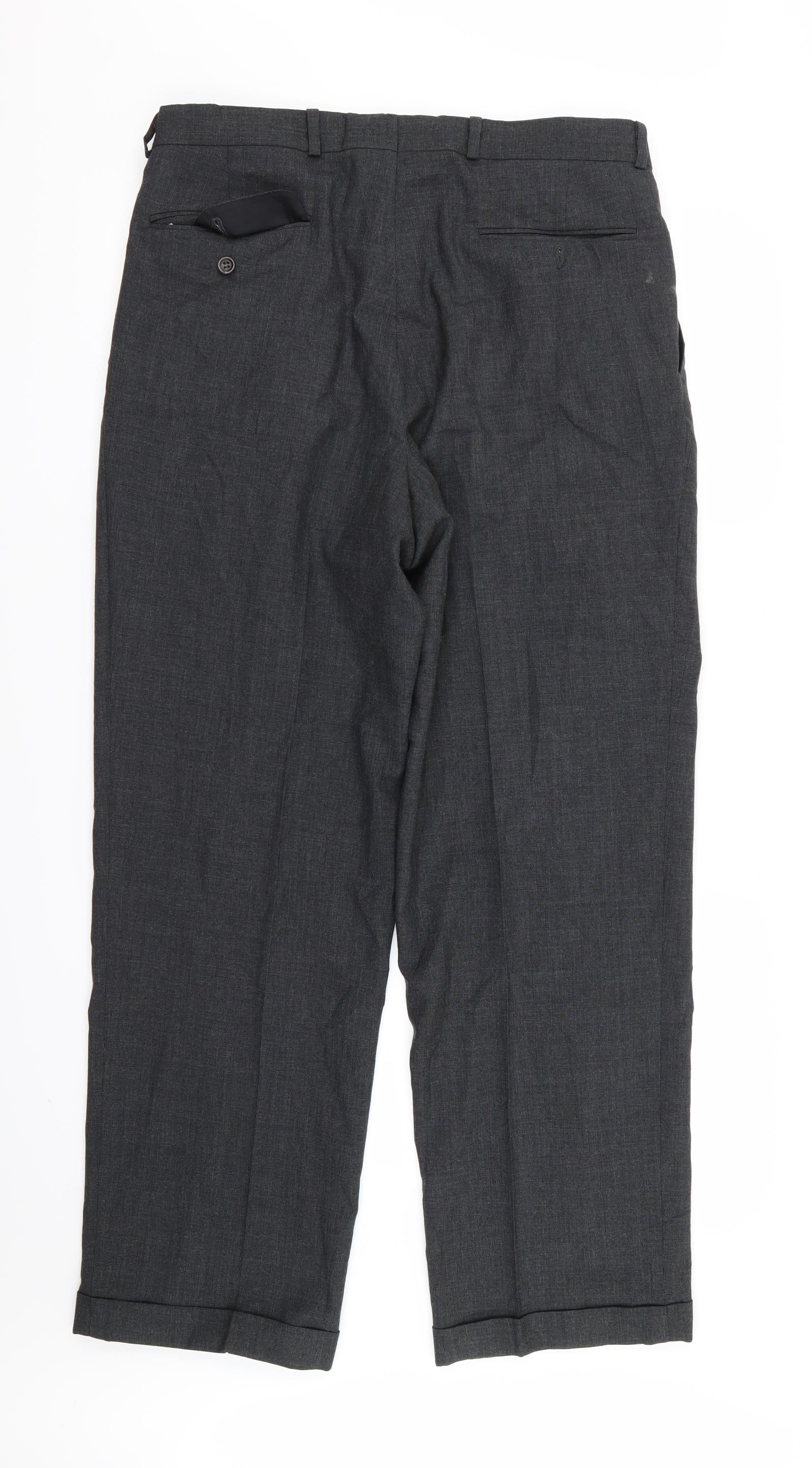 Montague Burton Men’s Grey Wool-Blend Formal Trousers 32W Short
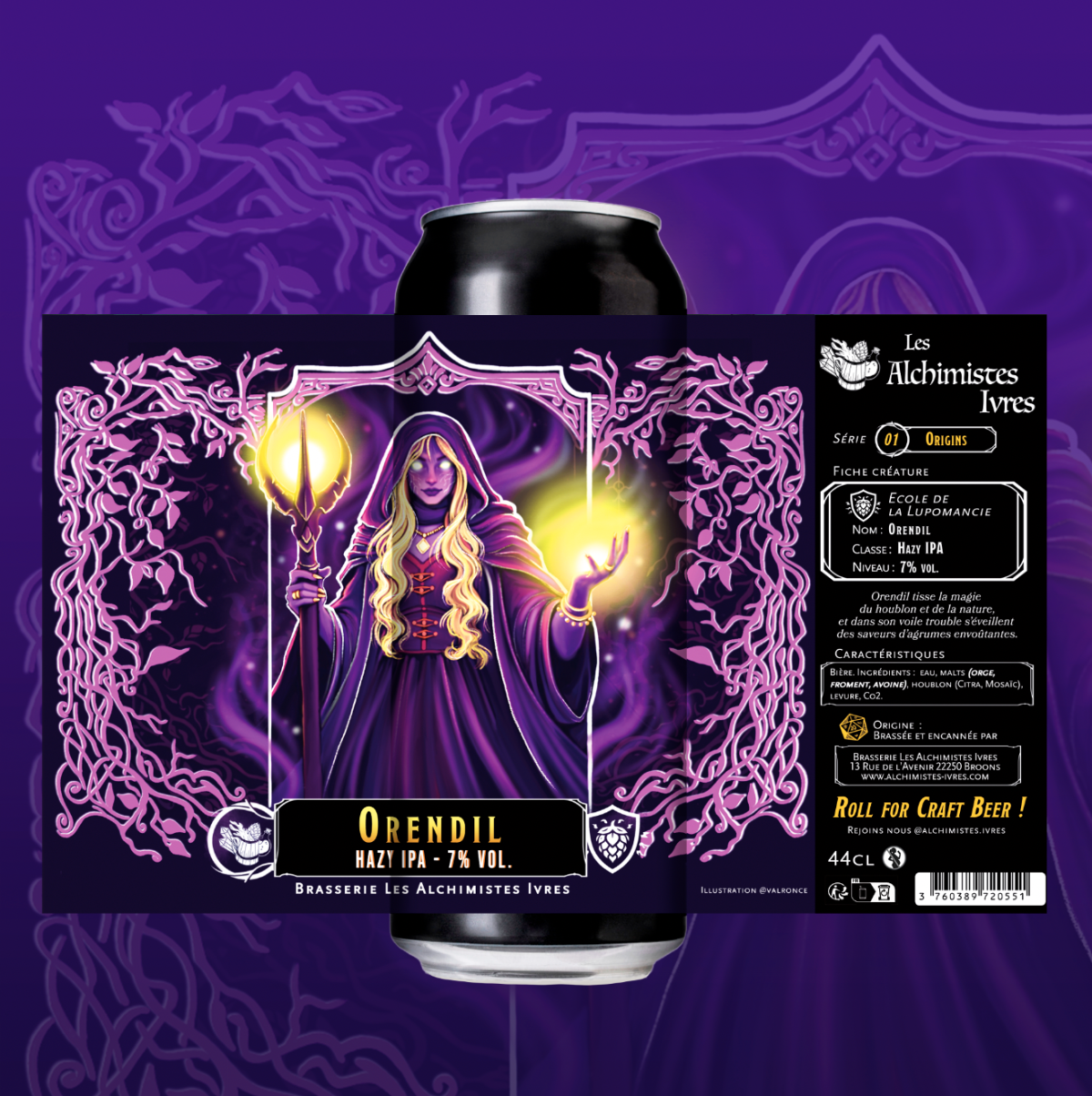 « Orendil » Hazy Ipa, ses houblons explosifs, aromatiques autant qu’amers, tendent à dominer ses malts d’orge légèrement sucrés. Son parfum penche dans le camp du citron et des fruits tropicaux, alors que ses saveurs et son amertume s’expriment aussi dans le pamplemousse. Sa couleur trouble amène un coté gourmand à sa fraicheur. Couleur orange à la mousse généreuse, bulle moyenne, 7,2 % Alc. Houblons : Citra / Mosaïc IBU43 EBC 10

========================================================================

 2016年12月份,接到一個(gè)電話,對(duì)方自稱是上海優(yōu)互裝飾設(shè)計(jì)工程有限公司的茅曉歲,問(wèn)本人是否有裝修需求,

========================================================================

Above are the records; restate exactly the lines from the one containing "Montague Burton Men’s" through the one containing "IBU43 EBC 10", keeping pictures out.

> Exercise answer
 Montague Burton Men’s Grey Wool-Blend Formal Trousers 32W Short
 « Orendil » Hazy Ipa, ses houblons explosifs, aromatiques autant qu’amers, tendent à dominer ses malts d’orge légèrement sucrés. Son parfum penche dans le camp du citron et des fruits tropicaux, alors que ses saveurs et son amertume s’expriment aussi dans le pamplemousse. Sa couleur trouble amène un coté gourmand à sa fraicheur. Couleur orange à la mousse généreuse, bulle moyenne, 7,2 % Alc. Houblons : Citra / Mosaïc IBU43 EBC 10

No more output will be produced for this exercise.